Base44 Builds Its Own AI Model as Vibe Coding Startups Chase Defensibility

Base44, the vibe coding platform that Wix acquired for at least 80 million dollars less than a year after it was founded, has begun rolling out its first proprietary large language model. The move places the company at the center of a question that has been circling the AI startup world for months: can a business built on top of someone else's foundation model ever be truly defensible.
The new model, named Base1, is built on top of an existing open source foundation model and fine tuned specifically for application generation. Founder Maor Shlomo has described the decision as a way to gain more control over the parts of the product that matter most for users building software through natural language, namely latency, cost, and reliability at scale.
Why Owning the Model Matters Now
Until this rollout, Base44 relied on general purpose frontier models from providers including OpenAI and Anthropic to power its natural language to application pipeline. That approach works well early on, but it leaves a company exposed to pricing changes, rate limits, and competitive overlap, since the same frontier labs supplying the models are also building their own coding tools.
Shlomo has been direct about the rationale, noting that training and owning the model as part of the full stack opens up optimizations on latency, cost, and efficiency that are simply not available when renting access to someone else's infrastructure. He also expects more companies to follow a similar path once they reach enough scale and user volume to generate the kind of proprietary data needed to train a useful specialized model.
Base1 was trained on a dataset built from tens of millions of real user interactions on the Base44 platform. Every prompt submitted and every application generated becomes part of that training signal, creating a feedback loop where increased usage steadily improves the model. That advantage is not exclusive to Base44 forever, since rival vibe coding platforms are accumulating their own usage data at the same time, but Base44 is betting that being early gives it a meaningful head start.
A Three Part View of Defensibility
According to Jonathan Userovici, a general partner at venture capital firm Headline, sustainable advantage in AI products tends to rest on three pillars: proprietary data, strong distribution, and ownership of the technology stack.
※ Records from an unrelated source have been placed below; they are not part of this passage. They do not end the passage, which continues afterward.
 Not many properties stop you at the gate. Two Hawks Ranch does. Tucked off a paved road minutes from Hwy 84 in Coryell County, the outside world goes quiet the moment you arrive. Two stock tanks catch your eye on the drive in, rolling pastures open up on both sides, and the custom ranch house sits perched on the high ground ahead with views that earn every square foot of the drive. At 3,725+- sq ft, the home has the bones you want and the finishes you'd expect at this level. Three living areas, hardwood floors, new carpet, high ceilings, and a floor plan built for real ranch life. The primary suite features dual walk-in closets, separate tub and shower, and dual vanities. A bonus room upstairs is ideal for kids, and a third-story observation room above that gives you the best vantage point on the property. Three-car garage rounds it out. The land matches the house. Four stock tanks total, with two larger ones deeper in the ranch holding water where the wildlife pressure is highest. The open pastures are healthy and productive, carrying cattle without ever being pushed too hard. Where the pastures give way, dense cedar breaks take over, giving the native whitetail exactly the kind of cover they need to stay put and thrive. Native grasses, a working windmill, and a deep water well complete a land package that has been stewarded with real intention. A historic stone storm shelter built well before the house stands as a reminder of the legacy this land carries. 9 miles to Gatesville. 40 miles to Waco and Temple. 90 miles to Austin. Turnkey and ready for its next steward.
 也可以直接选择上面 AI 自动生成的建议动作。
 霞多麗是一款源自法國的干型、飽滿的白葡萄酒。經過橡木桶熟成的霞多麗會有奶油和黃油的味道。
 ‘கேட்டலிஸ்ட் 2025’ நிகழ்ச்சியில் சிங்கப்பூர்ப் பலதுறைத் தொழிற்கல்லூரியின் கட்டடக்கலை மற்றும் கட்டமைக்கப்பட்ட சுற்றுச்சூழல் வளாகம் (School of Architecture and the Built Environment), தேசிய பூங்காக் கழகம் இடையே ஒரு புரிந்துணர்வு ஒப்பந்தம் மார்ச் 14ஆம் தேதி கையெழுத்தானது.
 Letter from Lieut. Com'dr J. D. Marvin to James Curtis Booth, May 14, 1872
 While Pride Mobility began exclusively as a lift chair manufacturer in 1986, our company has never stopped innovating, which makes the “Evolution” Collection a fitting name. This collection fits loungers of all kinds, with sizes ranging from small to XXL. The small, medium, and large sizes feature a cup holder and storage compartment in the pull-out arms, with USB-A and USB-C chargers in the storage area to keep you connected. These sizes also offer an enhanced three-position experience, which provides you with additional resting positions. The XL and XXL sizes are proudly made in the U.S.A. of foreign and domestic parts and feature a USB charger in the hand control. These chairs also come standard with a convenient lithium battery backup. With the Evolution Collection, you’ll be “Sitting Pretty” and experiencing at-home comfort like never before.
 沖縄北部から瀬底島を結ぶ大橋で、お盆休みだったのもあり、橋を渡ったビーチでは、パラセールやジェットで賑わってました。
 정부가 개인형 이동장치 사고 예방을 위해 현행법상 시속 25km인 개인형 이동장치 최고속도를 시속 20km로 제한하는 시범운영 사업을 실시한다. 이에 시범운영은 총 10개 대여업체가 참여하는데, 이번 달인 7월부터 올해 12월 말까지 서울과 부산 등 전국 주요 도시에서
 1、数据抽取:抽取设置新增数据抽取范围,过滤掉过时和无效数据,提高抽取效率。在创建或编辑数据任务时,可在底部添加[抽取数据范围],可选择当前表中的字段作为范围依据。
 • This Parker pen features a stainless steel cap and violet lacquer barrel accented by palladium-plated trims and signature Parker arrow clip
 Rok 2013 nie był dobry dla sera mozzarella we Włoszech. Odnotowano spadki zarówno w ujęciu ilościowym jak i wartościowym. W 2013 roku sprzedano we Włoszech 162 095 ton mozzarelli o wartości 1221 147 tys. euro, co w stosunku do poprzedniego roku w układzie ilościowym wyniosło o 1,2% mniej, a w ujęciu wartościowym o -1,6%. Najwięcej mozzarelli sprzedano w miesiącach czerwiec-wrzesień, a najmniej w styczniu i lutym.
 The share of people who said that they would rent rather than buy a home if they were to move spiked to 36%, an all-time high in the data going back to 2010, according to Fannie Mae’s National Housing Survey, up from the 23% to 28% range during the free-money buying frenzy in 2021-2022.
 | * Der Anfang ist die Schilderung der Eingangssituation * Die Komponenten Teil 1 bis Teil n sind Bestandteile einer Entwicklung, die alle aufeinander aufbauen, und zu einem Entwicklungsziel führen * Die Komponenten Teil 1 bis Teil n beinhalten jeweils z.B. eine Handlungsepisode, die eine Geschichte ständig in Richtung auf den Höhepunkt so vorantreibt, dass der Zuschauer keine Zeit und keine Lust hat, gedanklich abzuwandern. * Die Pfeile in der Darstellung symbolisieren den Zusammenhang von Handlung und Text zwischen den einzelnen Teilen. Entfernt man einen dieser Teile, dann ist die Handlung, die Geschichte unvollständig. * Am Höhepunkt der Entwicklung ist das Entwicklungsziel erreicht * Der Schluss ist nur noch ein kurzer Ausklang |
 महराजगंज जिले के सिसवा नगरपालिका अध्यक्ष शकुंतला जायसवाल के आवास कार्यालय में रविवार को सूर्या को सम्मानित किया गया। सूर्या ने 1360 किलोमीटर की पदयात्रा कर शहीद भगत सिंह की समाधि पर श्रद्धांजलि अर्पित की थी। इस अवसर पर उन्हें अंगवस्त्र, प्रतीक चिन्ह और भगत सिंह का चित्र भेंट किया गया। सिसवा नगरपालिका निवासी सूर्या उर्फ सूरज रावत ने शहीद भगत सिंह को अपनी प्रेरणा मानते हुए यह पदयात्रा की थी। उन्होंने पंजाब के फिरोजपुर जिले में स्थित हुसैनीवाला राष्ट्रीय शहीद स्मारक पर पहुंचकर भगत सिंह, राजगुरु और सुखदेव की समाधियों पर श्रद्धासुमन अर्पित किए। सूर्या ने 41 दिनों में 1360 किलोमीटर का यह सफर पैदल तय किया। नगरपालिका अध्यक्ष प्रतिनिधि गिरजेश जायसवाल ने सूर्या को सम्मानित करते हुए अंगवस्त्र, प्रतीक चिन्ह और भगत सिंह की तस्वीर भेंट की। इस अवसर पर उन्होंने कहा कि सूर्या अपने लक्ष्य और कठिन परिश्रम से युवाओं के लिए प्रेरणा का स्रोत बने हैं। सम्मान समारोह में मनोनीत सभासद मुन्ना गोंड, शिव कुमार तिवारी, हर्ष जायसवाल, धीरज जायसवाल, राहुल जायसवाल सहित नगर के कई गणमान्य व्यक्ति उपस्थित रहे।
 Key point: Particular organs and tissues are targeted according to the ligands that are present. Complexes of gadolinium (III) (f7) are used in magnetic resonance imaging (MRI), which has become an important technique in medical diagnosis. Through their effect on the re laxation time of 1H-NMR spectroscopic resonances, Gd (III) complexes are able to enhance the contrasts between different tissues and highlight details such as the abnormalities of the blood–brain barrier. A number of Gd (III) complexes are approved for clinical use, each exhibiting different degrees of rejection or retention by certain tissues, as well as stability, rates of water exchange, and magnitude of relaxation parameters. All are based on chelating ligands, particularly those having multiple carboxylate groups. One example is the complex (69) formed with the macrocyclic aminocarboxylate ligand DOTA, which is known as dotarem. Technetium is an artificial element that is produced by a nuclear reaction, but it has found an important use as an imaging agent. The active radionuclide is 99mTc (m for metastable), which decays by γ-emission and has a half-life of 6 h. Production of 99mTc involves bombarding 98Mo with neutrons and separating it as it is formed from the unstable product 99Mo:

Base44's move to train its own model touches all three at once, since the company already has a large active user base feeding it fresh interaction data daily.
Userovici has also cautioned against assuming every applied AI company should follow this path. He points to legal tech company Harvey as an example of a startup that explored building its own model and ultimately stepped back from the plan. Training and maintaining a custom model requires sustained investment in infrastructure and specialized talent, and it only pays off if the resulting model genuinely outperforms general purpose alternatives for the specific task at hand.
Competition Beyond Other Vibe Coding Startups
Base44 competes directly with companies like Swedish unicorn Lovable, which has continued to rely on external frontier models while scaling past 500 million dollars in annual recurring revenue. Base44 itself has surpassed 100 million dollars in ARR, a fast climb for a company that started with a team of just eight people before the Wix acquisition.
The bigger long‑term threat may not come from other vibe coding platforms at all. Frontier AI labs are increasingly building their own coding focused products, and tools like Claude Code have already become serious players in the same category that Base44 occupies. That overlap gives large foundation model providers direct access to usage data and feedback loops that could narrow the gap Base44 is trying to widen.
What This Signals for the Wider AI Market
Inference costs have become a real line item for companies running AI products at scale, and enterprise customers are increasingly questioning whether every task genuinely requires the most expensive, most general purpose model available. That cost pressure is part of what is pushing companies toward orchestration layers that route tasks to smaller, cheaper, more specialized models when a frontier model is not strictly necessary.
Base44's move suggests that owning a slice of the model layer, even a narrow and specialized one, is becoming part of how ambitious AI application companies plan to compete over the long run rather than treating frontier models purely as a rented utility.